Hacker News new | comments | show | ask | jobs | submit login
reCAPTCHAs are finally readable by normal humans (arstechnica.com)
54 points by bgtyhn on Oct 25, 2013 | hide | past | web | favorite | 37 comments

I have a feeling this won't last very long now that they've publicized the fact that they profile a users interaction with the system. Things like rate of hitting captchas, mouse movements, characters typed before pressing send, etc are all easy to mimic and control if you know they're analyzing that info.

Well, since all this information has to be collected client-side, I'm sure people working on captcha solvers would have figured it out anyway.

Plus, there's a huge difference between them publishing what information they're collecting and actually knowing how they're using that data, IMO.

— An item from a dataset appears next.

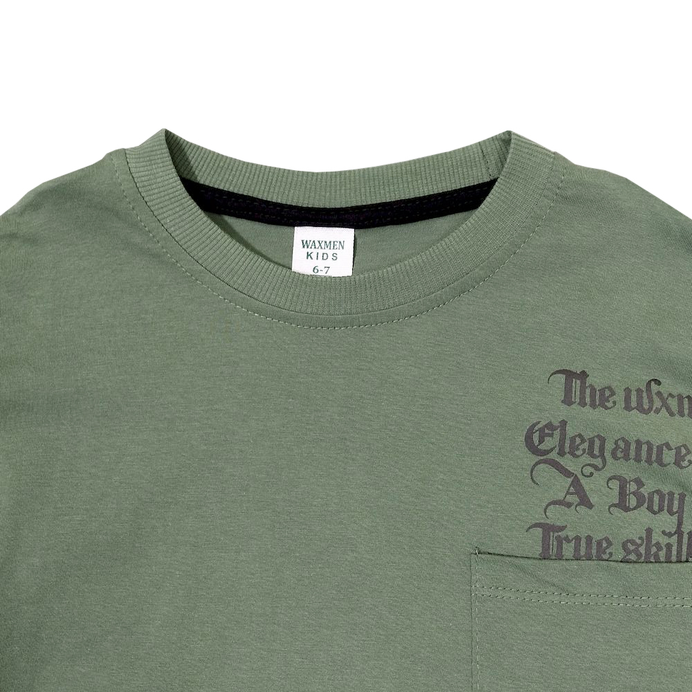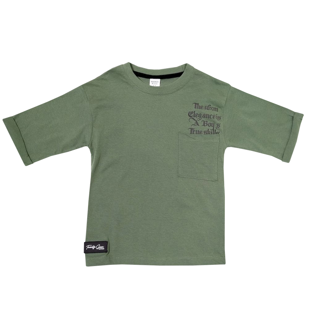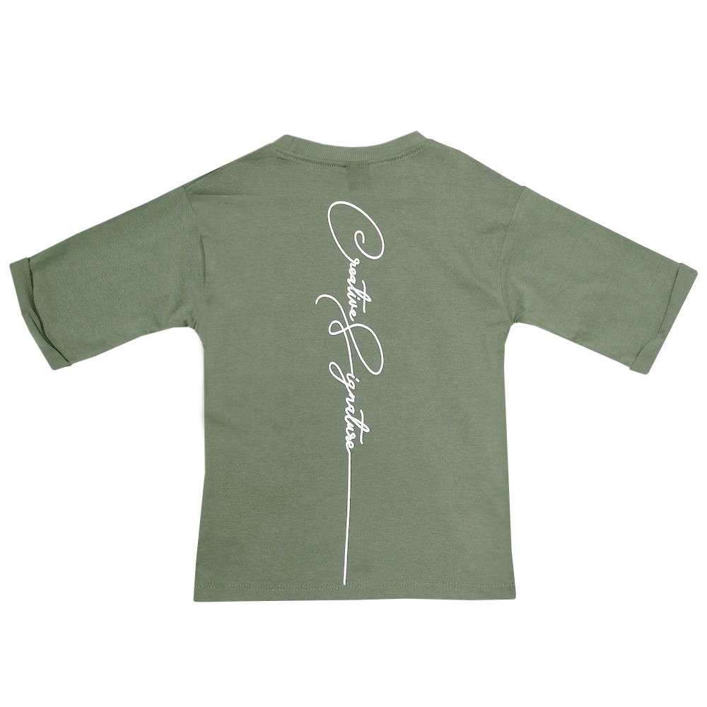 Футболка для мальчика прямого силуэта. Выполнена из хлопкового трикотажа кулирное полотно. Передняя половинка декорирована нашивкой и надписями на английском языке. Круглый вырез горловины с трикотажной резинкой в рубчик нежно обрамляет шею. Горловина спинки внутри обработана настрочной планкой из кулирки контрастного цвета. На груди расположен один накладной карман. Рукав три четверти со спущенной линией плеча, низ рукавов подвернут. Cпинка украшена творческой подписью на английском языке "creative signature". Низ изделия обработан швом в подгибку двойной строчкой.Размер 140: длина- 57 см, обхват груди- 82 см, длина рукава 23 см.

I thought maybe I was the only one who struggled with recaptcha captchas. On some sites I have literally tried 10-15 times before finally becoming too frustrated and giving up solving the captcha because whatever it was (form to fill out for a download, fill out a comment on a site), just wasn't worth the time I was wasting. Hugely irritating.

Initially, I was using reCAPTCHA on my site. But after hearing from irate users and specially preventing new users from registering, I decided to disable and use a simplified CAPTCHA. Loosing new potential users to CAPTCHA wasn't acceptable.

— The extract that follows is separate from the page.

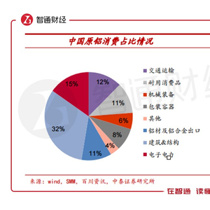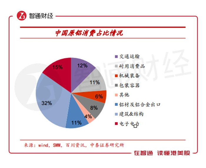 从消费端来看,中国原铝的消费占比中房屋建筑等方面占比为32%,此外电子电力、交通运输方面占比分别为15%、12%。

Perhaps in some glorious future utopian society, humans won't have to see CAPTCHAs at all.

They don't. You can implement basic defenses like hidden input forms or checkboxes that are masked by CSS rules or served on the client side with JavaScript to weed out bots from human users, among other less intrusive techniques.

Of course some bots may make use of high-level browser engines (such as those provided by acceptance testing frameworks) to try and get around this, plus you'll always have cheap human labor. But ultimately, anti-spam is an arms race and simple tactics like this will get rid of most unwanted agents.

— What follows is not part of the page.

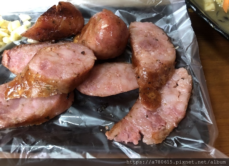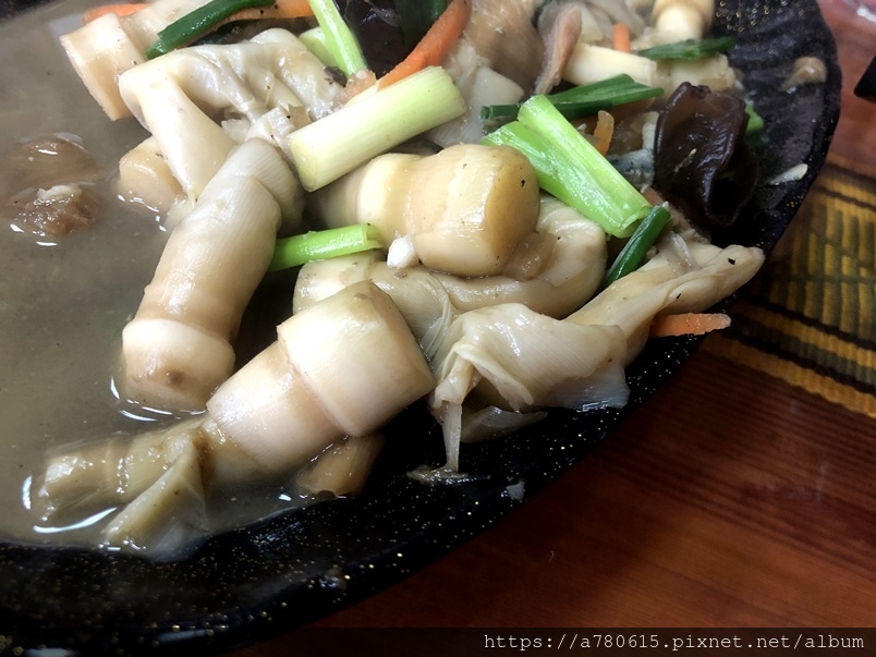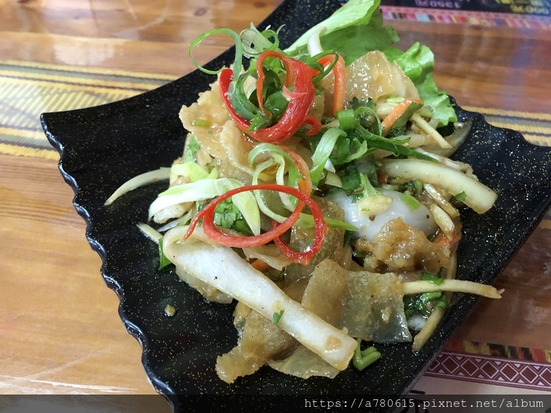 涼拌山豬皮、炒甘蔗筍和高粱香腸,另外再買了烤竹

We tried a ton of those techniques (hidden fields, fields filled out by Javascript, anti-replay tokens) and none of them worked - the spammers appeared to be using botted IE installs.

What worked in the end was a points system for spammy behavior: First post has URL in it? +1 point. User fills out linkedin field on profile? +1 point (seriously, none of our legit users did this...). User posts a word on the blocklist? (viagra, cialis, cvv2, etc) +1 point. User Agent is IE? +1 point (we're a Mac site). After a certain number of points, the user was banned and all their generated content deleted. After a certain number of posts without triggering the ban, they're greenlighted. Spammers quickly noticed their posts disappeared instantly and left the site.

If only my blogspammers were that quick on the uptake. I've got moderation turned on, so none of their posts ever see the light of day, and I still get tens of them every day.

> You can implement basic defenses like hidden input forms or checkboxes that are masked by CSS rules or served on the client side with JavaScript to weed out bots from human users, among other less intrusive techniques.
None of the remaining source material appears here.